-------- DATA BELOW

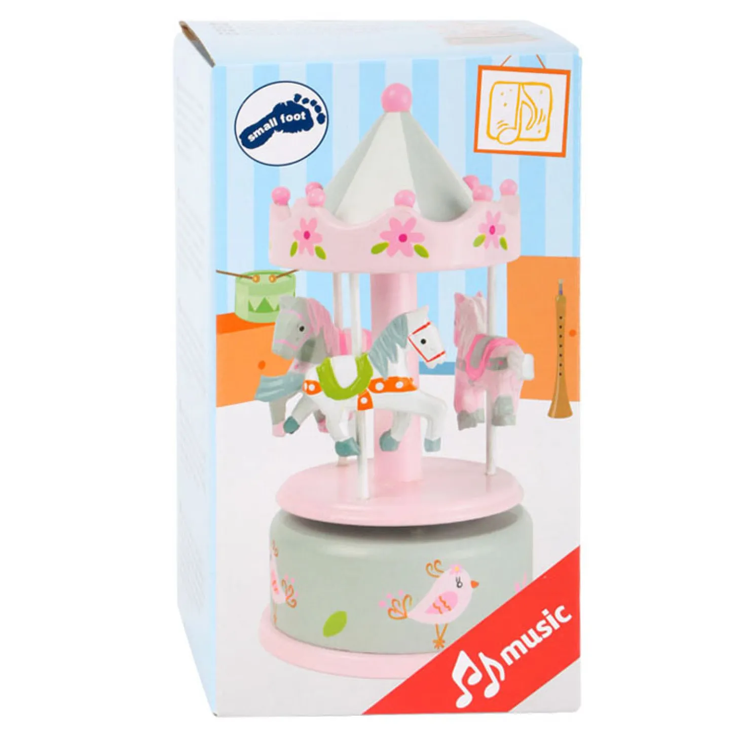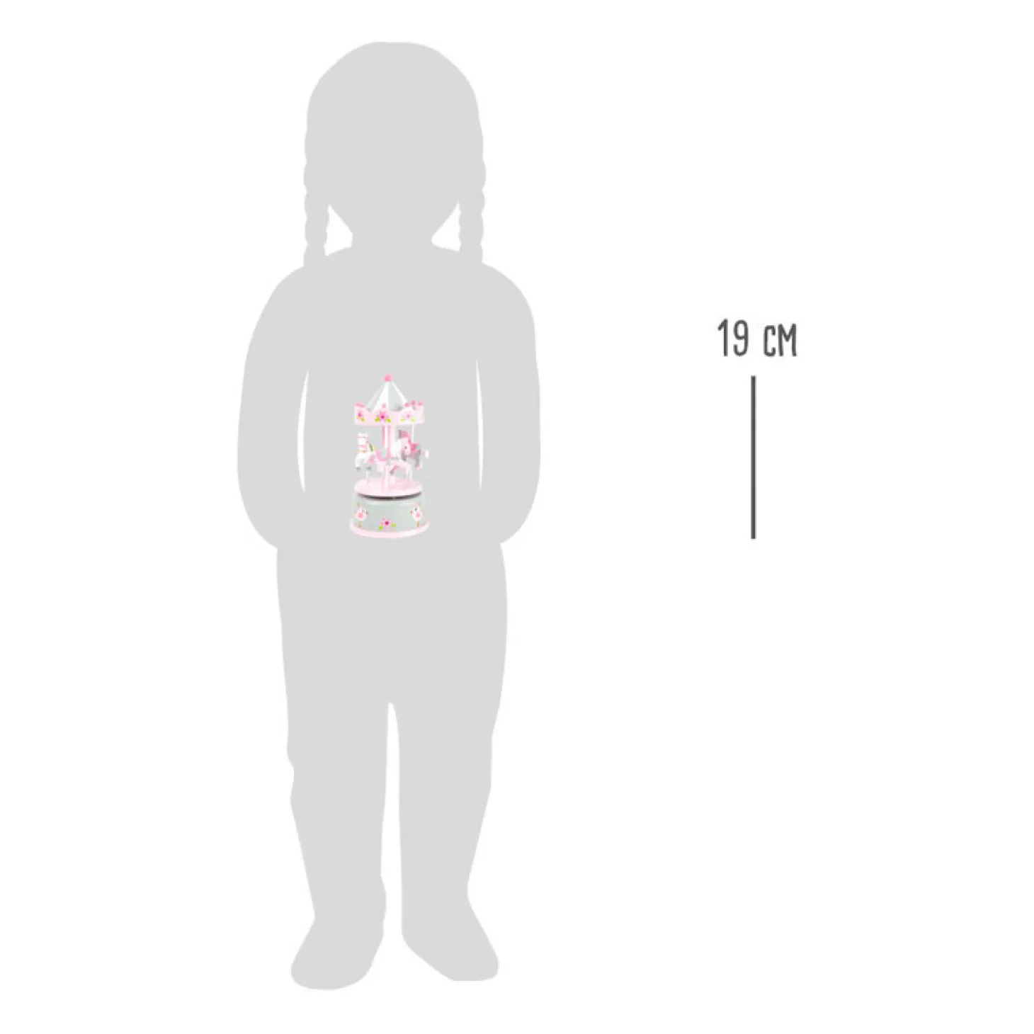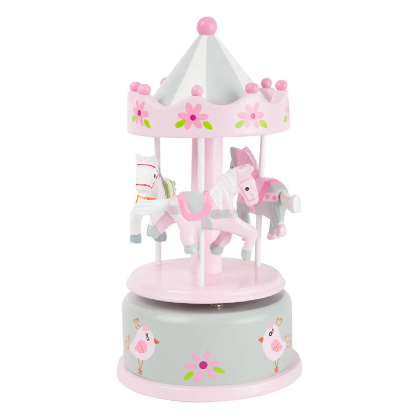 Wie is hier al in slaap gevallen? Deze klassieke houten muziekdoos zal elk kind in slaap brengen. De rotondepaarden draaien vrolijk rond op de melodie van “Waar moet ik beginnen?”. De decoratieve kleuren en het nostalgische design maken van deze box een echte eyecatcher op het nachtkastje. Met zijn prachtig witte hobbelpaardjes is dit misschien wel de mooiste draaimolen van het land. Wie windt de muziekdoos nog een keer op? De carrousel is 19 cm hoog.
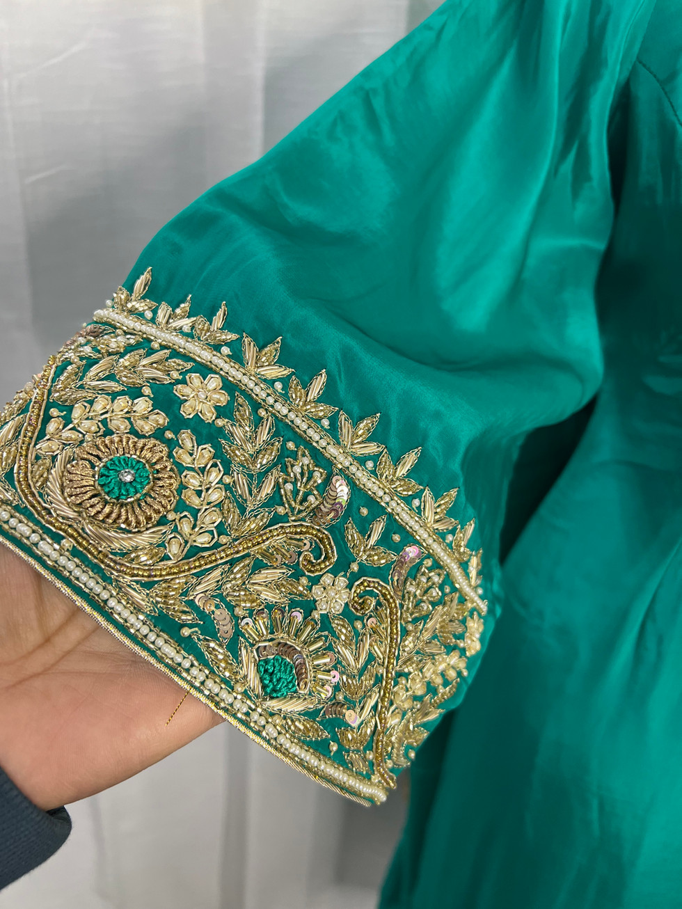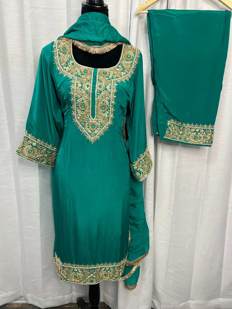 Introducing the exquisite Raman Green Farshi Salwar Suit Code46RG, a masterpiece from Mannat Boutique. Crafted from crape fabric, this handwork shirt and salwar ensemble exudes elegance. Accompanied by a pure chinon dupatta adorned with golden lace, it adds a touch of regality. This fully stitched suit comes complete with lining, piping, zipper, and dori for added comfort and style. Elevate your ethnic wardrobe with this timeless piece, perfect for any special occasion.
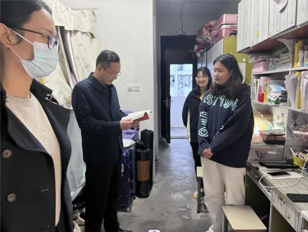11月18日下午,永利yl23411集团党政领导、专兼职辅导员、班主任走访永利yl23411集团全部学生宿舍,实地了解学生的生活和学习环境,全面排查学生宿舍安全隐患。
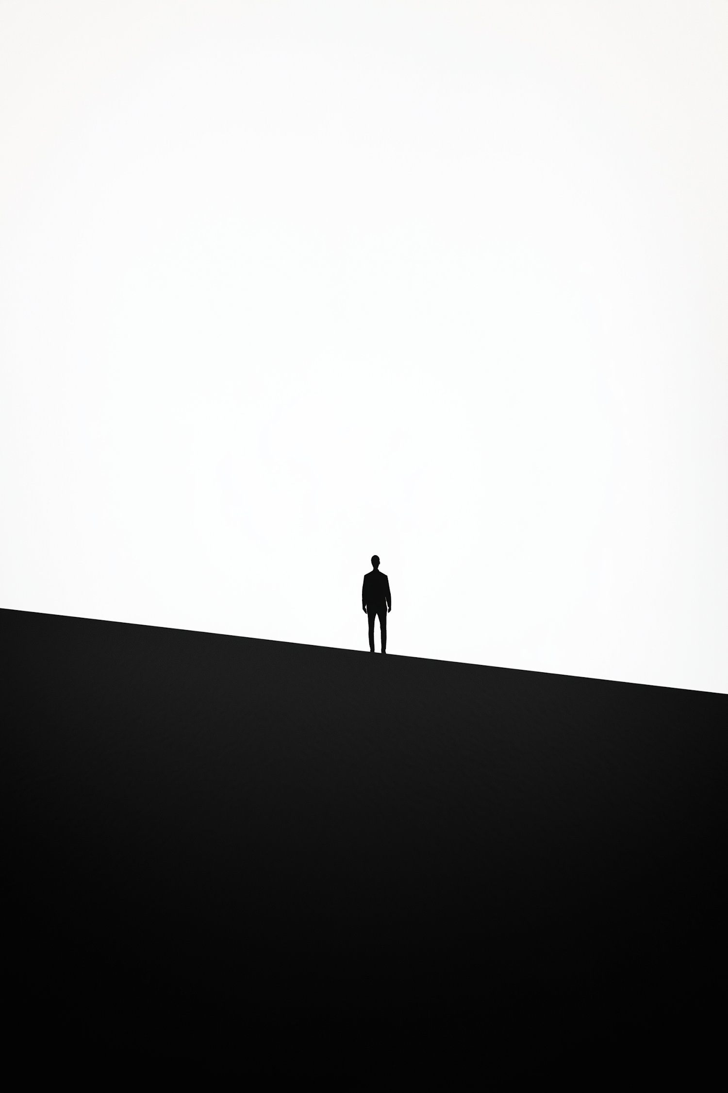 Minimalist silhouette of a lone figure on a sloped surface against a bright white background, evoking solitude and contemplation.

----------------

* WORK TO BE COMPLETED
Pictures aside, transcribe exactly the lines from the line containing "Introducing the exquisite" through the final line of the material above.

* TASK ANSWER
 Introducing the exquisite Raman Green Farshi Salwar Suit Code46RG, a masterpiece from Mannat Boutique. Crafted from crape fabric, this handwork shirt and salwar ensemble exudes elegance. Accompanied by a pure chinon dupatta adorned with golden lace, it adds a touch of regality. This fully stitched suit comes complete with lining, piping, zipper, and dori for added comfort and style. Elevate your ethnic wardrobe with this timeless piece, perfect for any special occasion.
11月18日下午,永利yl23411集团党政领导、专兼职辅导员、班主任走访永利yl23411集团全部学生宿舍,实地了解学生的生活和学习环境,全面排查学生宿舍安全隐患。
 Minimalist silhouette of a lone figure on a sloped surface against a bright white background, evoking solitude and contemplation.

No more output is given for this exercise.